The material cited in this paper constrains the conclusion that late Paleolothic human's East African origin and fat-storing genetic mutation made cannibalism at best an extremely marginal likelihood, perhaps even only something to add some variety to their diet, and not by any means a vital necessity. This would also explain why there are so few reports of cannibalism in Africa. Moreover, we need to bear in mind that because our Paleolithic ancestors were not very numerous, food shortages were probably unlikely or relatively rare, and even a small increase in AMH's reproduction rate would have enabled him to displace Neanderthal man from his place in our history, without the necessity of consuming him. Similar to Villa et al. (1986) early study, Cole's analysis of the nutritional value of human bodies led him to conclude that just as today incidents of cannibalism have complex motivations, so too, Late Paleolithic and subsequent forms of pre-homo sapiens probably also had complex motivations for their episodes of cannibalism (Cole 2017). Cole seems to plump for the simplest explanation, namely ‘nutritional cannibalism’ (see his table on page 3), giving us ample food for thought.

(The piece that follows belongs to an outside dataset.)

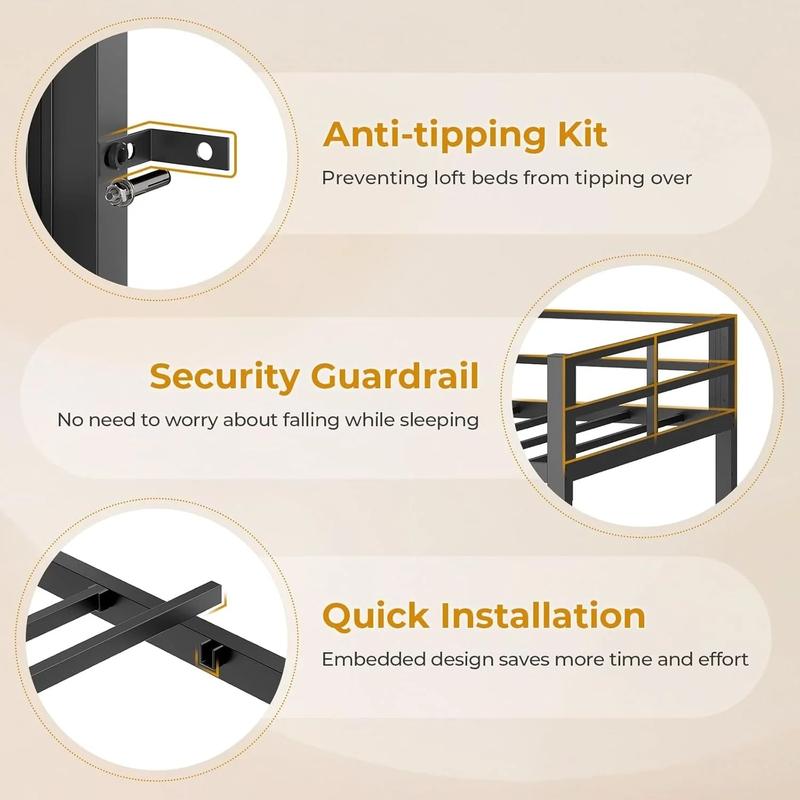 13.1" upper guardrail height with premium metal frame for secure children's safety. Conveniently ladder of this loft bed twin size providing an easy and safe access to the bed.Anti-tipping device also enhanced safety. No-slip pads preventing sliding and protect your floor.
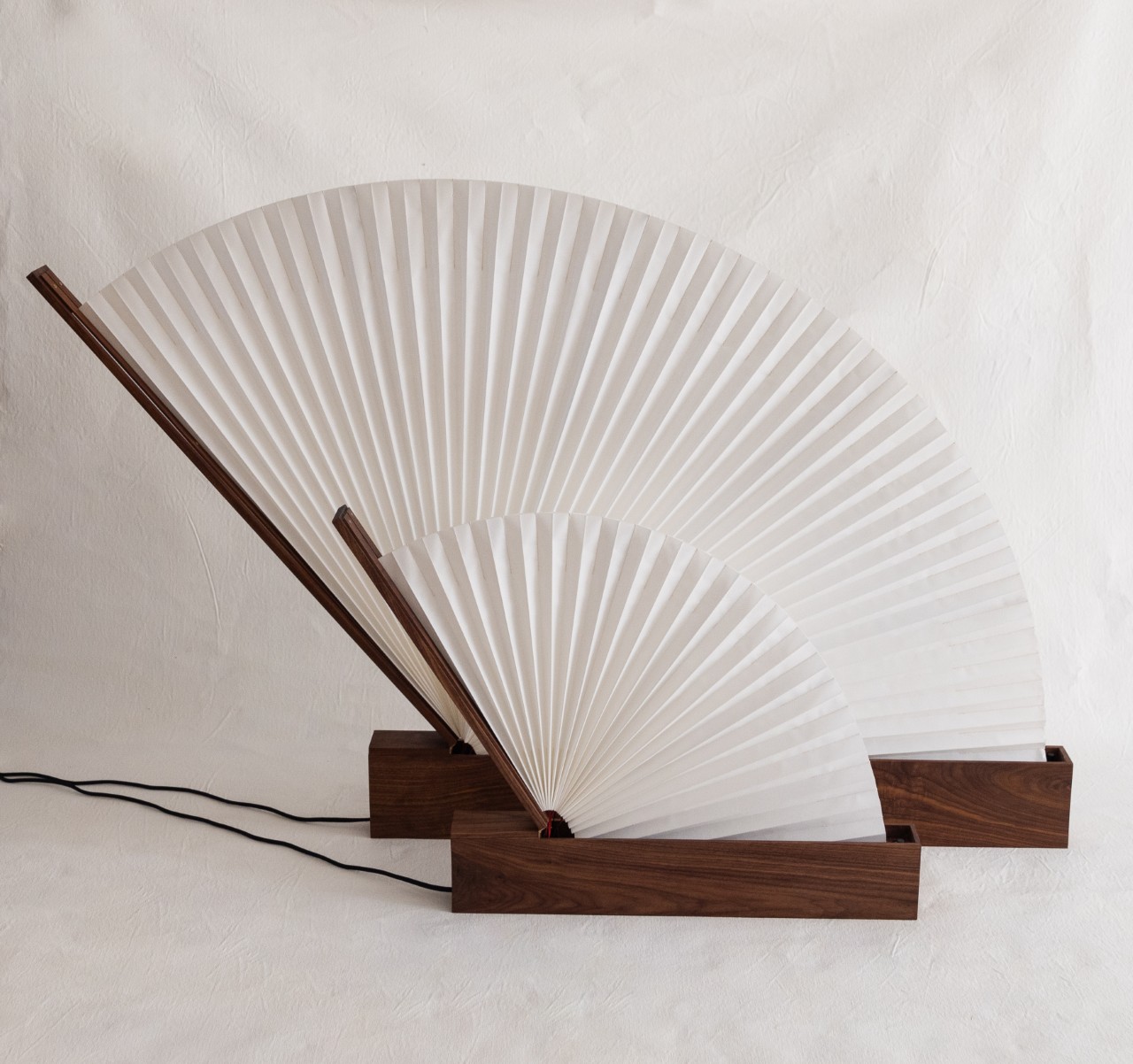Wolfe pleated and saddle-stitched two layers of paper – a technique borrowed from his background in handbag making – to form the light’s sail. The paper diffuses the glow with a gentle warmth while maintaining its shape with surprising strength. Within the folds, embedded LED strips bring the piece to life, while the walnut base discreetly conceals the mechanics – the dimmer, driver, and switch – to preserve the lamp’s minimalist form.

Finally, as Ubick suggested, AMH may have been in some way aware of the (survival) benefits of their mates' unique ability to store the largest amount of fat than any mammal, as witnessed by their Venus figurines, which gives them an added non-symbolic meaning.

ACKNOWLEDGEMENT

I am indebted to my wife for her comments on earlier drafts of this paper and her careful proofreading, and to the anonymous reviewer.

FUNDING

No funding was received for this research.

NOTE

* The author is indebted to a Zulu informant for this insight, in response to the question ‘What is the most important change in Zulu life consequent on White contact?’ He pointed to the fact that most Zulu men in his district worked in cities, coming home mainly on their Christmas leave: ‘Therefore we have the new phenomenon of October babies,’ was his wry conclusion, ‘instead of spaced births.’ He was referring to the traditional Zulu lengthy suckling period of three years.